Investigation of dynamic conformational change and mechanism in the MAPEG enzymatic family
||Investigation of dynamic conformational change and mechanism in the MAPEG enzymatic family|
||Agnes Rinaldo-Matthis <Agnes.Rinaldo-Matthis@ki.se>|
||2014-03-01 – 2015-03-01|
Our research focuses on the chemistry of the MAPEG (Membrane-Associated Proteins in Eicosanoid and Glutathione metabolism) enzymatic family.

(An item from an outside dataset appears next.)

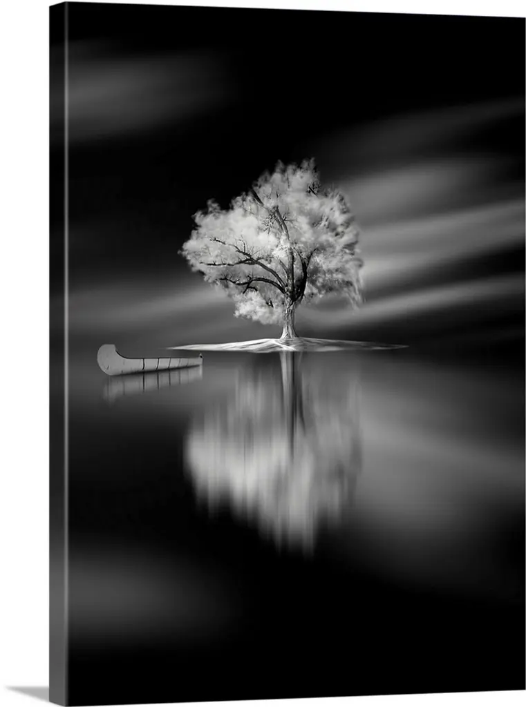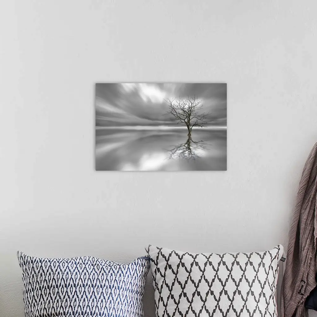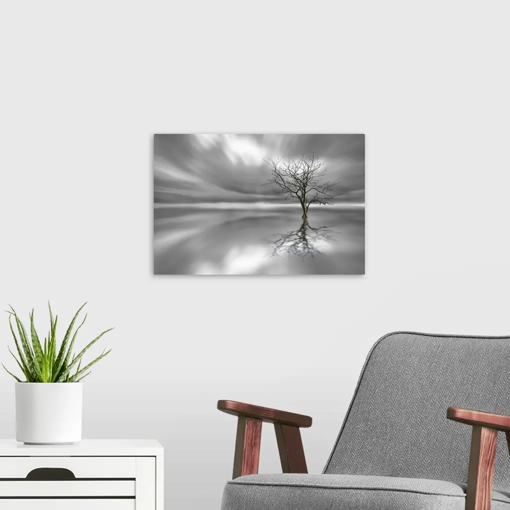 A lone tree stands strong in a still watery landscape casting mirror-like reflection.

Eicosanoids play an intimate role in the affection of the bodies immune response via their mediation of acute inflammation, fever and clinical conditions such as thrombosis, cancer, atherosclerosis, asthma and rhinitis. Several compounds that modulate their biosynthesis and mode of action are currently available and widely used.
Understanding the chemistry of the MAPEG enzymes is of particular importance within such a clinical context, since they are known to be responsible for the downstream differentiation of eicosanoids to specific chemical messengers, such as leukotrienes and prostaglandins. For example, one member of this enzymatic family that we currently study is dynamically up-regulated by the immune system to synthesise prostaglandin E2, the principle effector of localised pain, swelling and fever under these conditions. Gaining a more fundamental chemical understanding of terminal enzymes in eicosanoid biochemical pathways such as this may be indispensable for finely modulating the bodies immune response without inducing harmful side effects.
One of the most powerful techniques in understanding the chemical mechanism of enzymes is X-ray crystallography, and our research group has contributed considerable insight into this enzymatic family's structure and function using this method. The method is limited however, in its necessity for a selection from many dynamic conformational states via the crystallisation process. In addition, the conditions of crystallisation are often very different from the physiological environment of the enzyme being studied. The effect of removing enzymes such as those of the MAPEG family from a biological membrane for instance, is often very hard to quantify.
For these reasons we would like to complement our research with Molecular Dynamics simulations of these molecules in their physiological environment using the computational resources of SNIC. Preliminary results from a molecular dynamics simulations using a common small allocation project of the Karolinska Institutet Protein Science Facility provided promising and insightful results, however, we have quickly exceeded our qouta and wish to do additional experiments for publication.
A medium allocation of 100 000 node hours per month would facilitate our further investigation of these enzymes under physiologically accurate conditions.